Best known for his life-sized portraits of ordinary people living mostly in the urban northeast, Barkley L. Hendricksʼs bold portrayal of his subjectʼs attitude and style elevates the common man and woman to celebrity status. Organized by Trevor Schoonmaker, curator of contemporary art at the Nasher Museum of Art at Duke University, Barkley L. Hendricks: Birth of the Cool is the first painting retrospective of the American artist, and includes over 50 works from 1964 to the present. For CAMHʼs presentation, a series of photographic works by the artist from a related exhibition, Walkin’ with Walker: Narrative Photography of Barkley L. Hendricks, will be included. Spanning four decades of work, Walkinʼ with Walker was organized by The African American Museum in Philadelphia and co-curated by Barkley L. Hendricks and Richard J. Watson, curator of exhibitions.
Hendricksʼs stylistic renderings connect the art movements of American realism and post-modernism, occupying a space between contemporary portraitists like Chuck Close and Alex Katz and pioneering black painters such as Romare Bearden and Beauford Delaney. The exhibition is composed primarily of full-figure portraits, as well as lesser-known early works and the artistʼs more recent portal-like paintings of the Jamaican landscape, where he returns annually to do outdoor en plein air painting.
“Barkley Hendricks has always been ahead of his time,” says Schoonmaker. “His work touches upon many of the movements of the ʼ60s and ʼ70s—pop art, photorealism, minimalism, and black nationalism—but he has always done his own thing and avoided easy categorization. His groundbreaking work is as fresh today as it was thirty and forty years ago, and a generation of young artists is deeply indebted to him.”

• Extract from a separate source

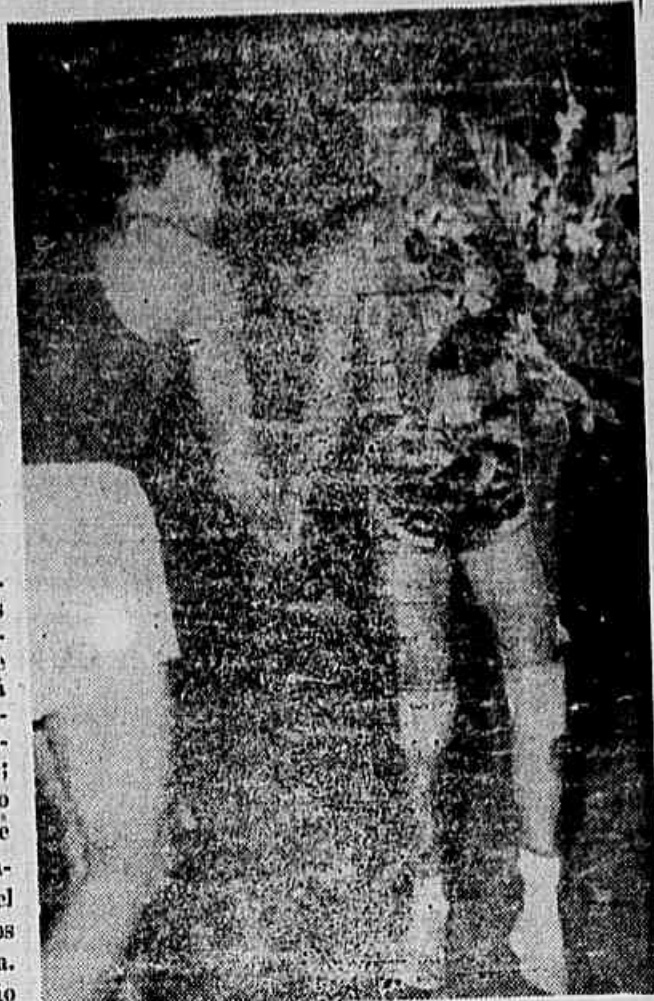
Algodão, o grande jogador brasileiro, recebendo uma cesta de flores num dos encontros internacionais de que participou

SANTIAGO, 23 (FP) — A maioria das delegações que participam do campeonato sul-americano de basquetebol, que se iniciará amanhã, já está em Santiago. Os argentinos estão hospedados no Hotel Claridge; peruanos e uruguaios no Hotel Albiou; brasileiros e paraguaios, no Hotel Espana; equatorianos no Hotel Windsor; e os colombianos no Internato Barros Arana. Ontem realizou-se a sessão preparatória do Congresso sul-americano.

Included in CAMHʼs presentation is Walkin’ with Walker, an installation of black-and-white and color photographs taken by the artist over the last forty years. Influenced by legendary American photographer Walker Evans, Hendricks has amassed an extensive body of street scenes and candid portraits, some of which have been used as, what he terms, “mechanical sketches,” or as source material for his paintings. The photographic work is presented in conjunction with FotoFest 2010 Biennial, an international biennial of photography and photo-related arts that takes place in Houston, March 12-April 25, 2010.
“Hendricks is a sophisticated practitioner who combines impressive references, forms, and techniques in renderings that seem to cut to the core, to reveal his subjects as vulnerable individuals even as they selfconsciously pose in displays of hipness,” says Janet Koplos (as reviewed in Art in America, November 2008).
The Contemporary Arts Museum Houston is the final touring venue for Barkley L. Hendricks: Birth of the Cool after stops at the Studio Museum in Harlem, NY; Santa Monica Museum of Art, CA; and Pennsylvania Academy of the Fine Arts in Philadelphia.
About the Artist
Barkley L. Hendricks was born in Philadelphia in 1945. He studied at the Pennsylvania Academy of the Fine Arts, Philadelphia, and earned his bachelorʼs and masterʼs degrees in fine arts from Yale University, New Haven, CT. He is a professor of art at Connecticut College in New London, where he has been teaching since 1972.
Hendricks made his mainstream museum debut at the Whitney Museum of American Art, NY, in the 1971 show Contemporary Black Artists in America. In 1980, the Studio Museum in Harlem, NY, organized his first major solo show. In 1994, his work was part of the Whitneyʼs Black Male: Representations of Masculinity in Contemporary American Art. A large solo show, The Barkley L. Hendricks Experience, 2001, was organized by the Lyman Allyn Art Museum, New London, CT. And in 2005, Hendricksʼs work was included in Back to Black—Art, Cinema and the Racial Imaginary at Whitechapel Art Gallery, London.
His work is represented in numerous public collections, including the National Gallery of Art, Washington, D.C.; Philadelphia Museum of Art, PA; Pennsylvania Academy of the Fine Arts, Philadelphia; Columbus Museum of Art, OH; Chrysler Museum, Norfolk, VA; Studio Museum in Harlem, NY; Yale University Art Gallery, New Haven, CT; and Nasher Museum of Art at Duke University, Durham, NC.